The editor does not have to care about XML. The ODT files of the mentioned word processors are zipped xml files.

We recommend the above mentioned wordprocessors Staroffice, OpenOffice, NeoOffice und LibreOffice. Of course you can use other programs as long as their files can be imported into the forementioned.

This kind of text mark-up can easily be applied to other projects, where old manuscripts have to be prepared for an electronic reuse, since the mark-up is done quickly with the Fill Format Mode like with a text marker.

Synoptic Text Editions

Three independent files are used for the internet presentation of synoptic texts (cf sample files):

- Introduction ( ..._in.odt)

- Transliteration ( ..._tx.odt)

- Translation (..._ DE-tr.odt, ..._IT-tr.odt etc.)

Each textgroup contains its own bibliography and table of content.

The Introduction

The example file „Vorlage-Intro“ contains the necessary formats and is almost self explaining.

First to be filled:

- Title

- CTH no. (resp. the textno. under which all exemplars of a composition are registered).

The second section gives the fragments that belong to each exemplar.

The third sections reports the history of the reception and reconstruction of the texts as well as the editors.

This section can be followed by an overview of the content as text or in tabulary form.

Finally the introductory file has to be saved as „CTH nnn_in“, e.g. CTH 234.II.4_in.

The parts of a text exemplar may be differenciated by indices, e.g. A2..

The Transliteration

The file „Vorlage-Translit“ comprises the styles.

We recommend to let the cursor rove the text in order to study the usage of the paragraph and character styles.

The table can be expanded by insertion of rows (Table → Insert → Rows) or by proceding with TAB.

Here the selected paragraph style is Hittite text. The non-Hittite passages only have to be marked up.

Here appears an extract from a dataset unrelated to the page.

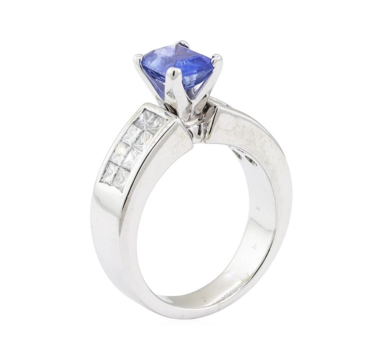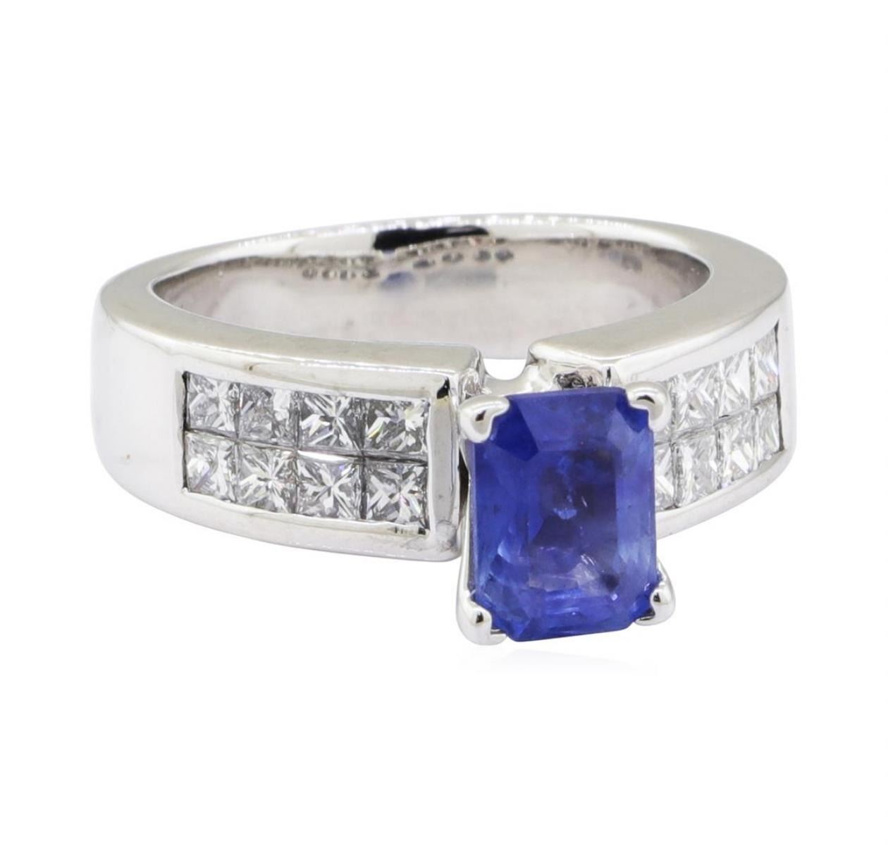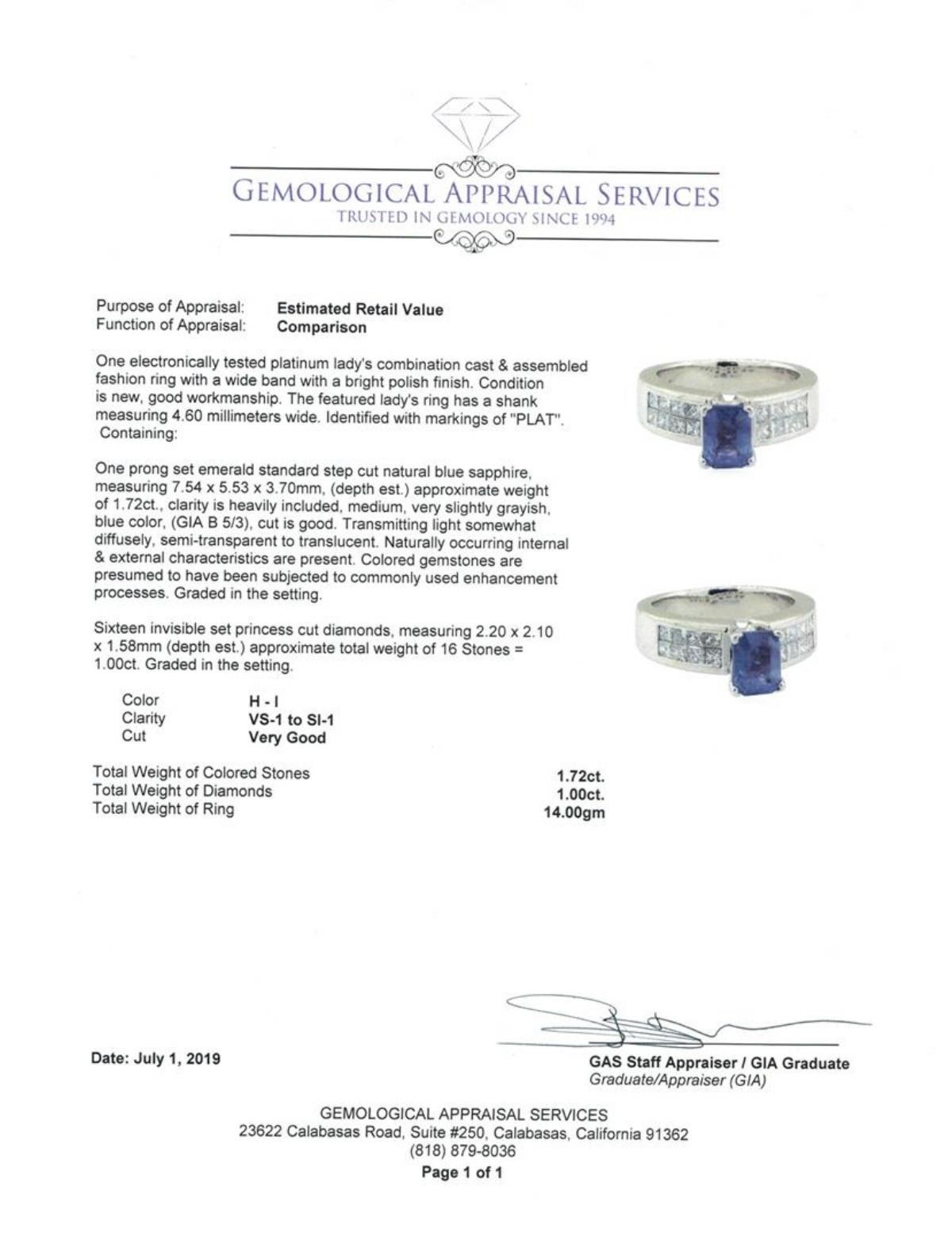 One electronically tested platinum lady's combination cast & assembled fashion ring with a wide band with a bright polish finish. The featured lady's ring has a shank measuring 4.60 millimeters wide. Identified with markings of 'PLAT'. Condition is new, good workmanship. Containing: One prong set emerald standard step cut natural blue sapphire, measuring 7.54 x 5.53 x 3.70mm, (depth est.) approximate weight of 1.72ct., clarity is heavily included, medium, very slightly grayish, blue color, (GIA B 5/3), cut is good. Transmitting light somewhat diffusely, semi-transparent to translucent. Naturally occurring internal & external characteristics are present. Colored gemstones are presumed to have been subjected to commonly used enhancement processes. Graded in the setting. Sixteen invisible set princess cut diamonds, measuring 2.20 x 2.10 x 1.58mm (depth est.) approximate total weight of 16 Stones = 1.00 ct. Graded in the setting. Color H - I Clarity VS-1 to SI-1 Cut Very Good. Total Weight of Colored Stones 1.72ct.. Total Weight of Diamonds 1.00 ct.. Total Weight of Ring 14.00gm GAS Appraised at $5505.00. GAS Appraised.

The Hittite text automatically appears as italics and the text is inambiguously identified as Hittite. One must NOT mark each Hittite word with the character style AO:Hittite, which is only applied in context, where the paragraph itself is not marked as Hittite!

Only determinatives, line nos., logograms etc. have to be marked up.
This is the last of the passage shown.